Thursday, October 18, 2012

Come see my talk at FiO

I'm giving a talk on optically controlled active media today at Frontiers in Optics. The talk number is FTh3D.7 and it's in Highland E.

The talk is about our work concerning the optical forces on colloidal particles in 3D, space and time dependent speckle. I'm pushing it as a model system for testing ideas from nonequilibrium thermodynamics, but I think that our method of treating the field-particle coupling is equally interesting.

Come check it out.

Monday, October 15, 2012

Tommorow at Frontiers in Optics

Right now I'm in Rochester, New York for this year's Frontiers in Optics conference hosted by the OSA. So far I've attended the plenary talks, which dealt with quantum optics and thermodynamics, 2D IR spectroscopy, retinal imaging, and, of course, the Higgs boson. In addition, I visited the Omega laser facility, which was incredibly fascinating. If you're in the area and you have any interest in incredibly powerful lasers or inertial confinement nuclear fusion, then I recommend making a visit.

Tomorrow I plan to visit some talks and work at the CREOL exhibition booth from 1:00 PM to 3:00 PM. Additionally, I'm giving a talk for a group mate who couldn't make it to the conference on Wednesday morning at 11:30 AM and my own talk on optically-controlled active media on Thursday at 3:00 PM. Briefly, the talk deals with solutions pumped by light to expand their free energy so that they may do carry out additional work. I hope the project will eventually be applied to controlling reaction kinetics in cells.

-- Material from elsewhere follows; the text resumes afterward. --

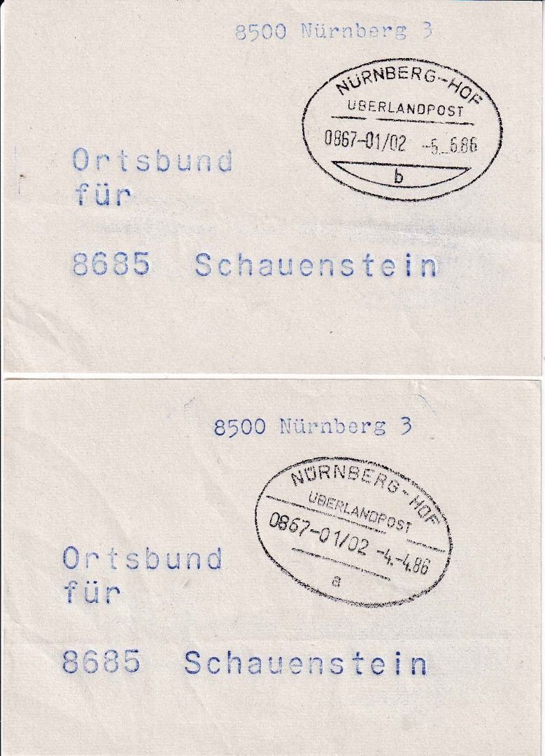 BRD - Nürnberg/Hof Überlandpost 0867-01/02 zwei Vorbundzettel Hof 1 1986
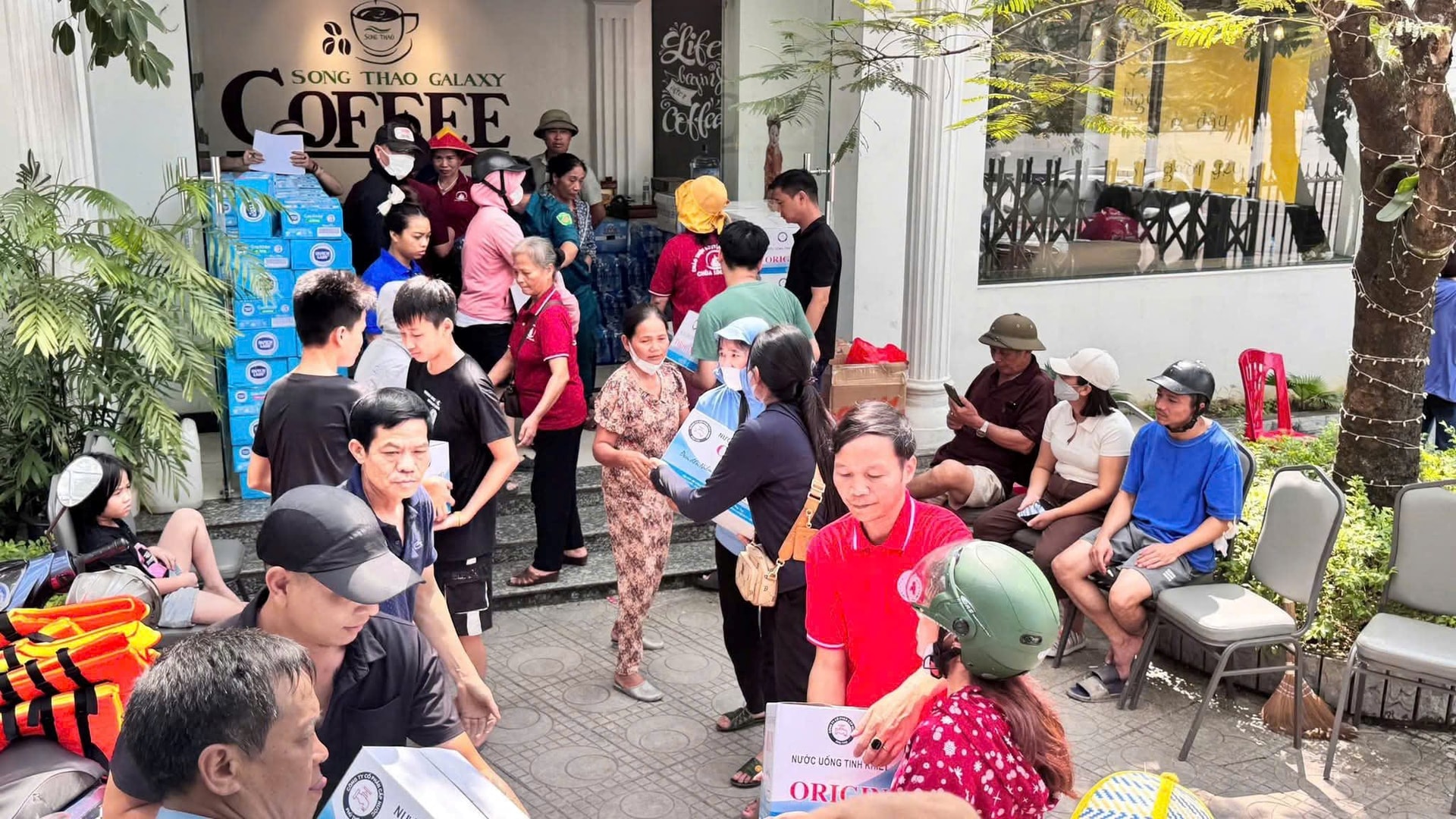 Người dân tập trung nhận hàng cứu trợ sau khi bão số 11 gây mưa lớn, ngập lụt nghiêm trọng trên địa bàn.

If  you're there, let me know and we can talk over coffee or a beer!

Friday, October 12, 2012

Better charts and graphics

I was recently asked to supply some annotated figures to a journal in a vector format, rather than the bitmap format that I had submitted them in. Unfortunately, I did not originally save the graphs in this format and had to hurriedly redo them with a program I was unfamiliar with. As you might expect, this wasn't a pleasant experience.

This event has lead me to offer the following tip: when you're making charts, figures, and other graphics that you intend to publish, be sure you save them in a production-quality format at the step where they are generated. It might mean a bit more time as you make them, but it saves a lot of hassle in the long run.

It's also worthwhile to explore the tools that are available to you at your institution for making figures. I am most comfortable with visualizing and analyzing data in Matlab, but I feel like too much effort is needed to make the plots look nice. Origin is a common alternative, but I find that it is not so intuitive to use and that there is a paucity of tutorials available. I also sometimes use free packages like SciPy along with Inkscape and GIMP to prepare for when I may find myself in a situation where I don't have access to (expensive) commercial options. Ultimately, it seems like the best approach is to use many different visualization tools depending on your purpose for the plot.

Here is an old but useful post on making production-quality graphs in Matlab. Has this process become simpler?

Addendum: I just found this on the Matlab File Exchange: plot2svg.m. I haven't yet tried it, but it should convert your Matlab plots to the .svg format, which is readable by Inkscape and a W3C standard.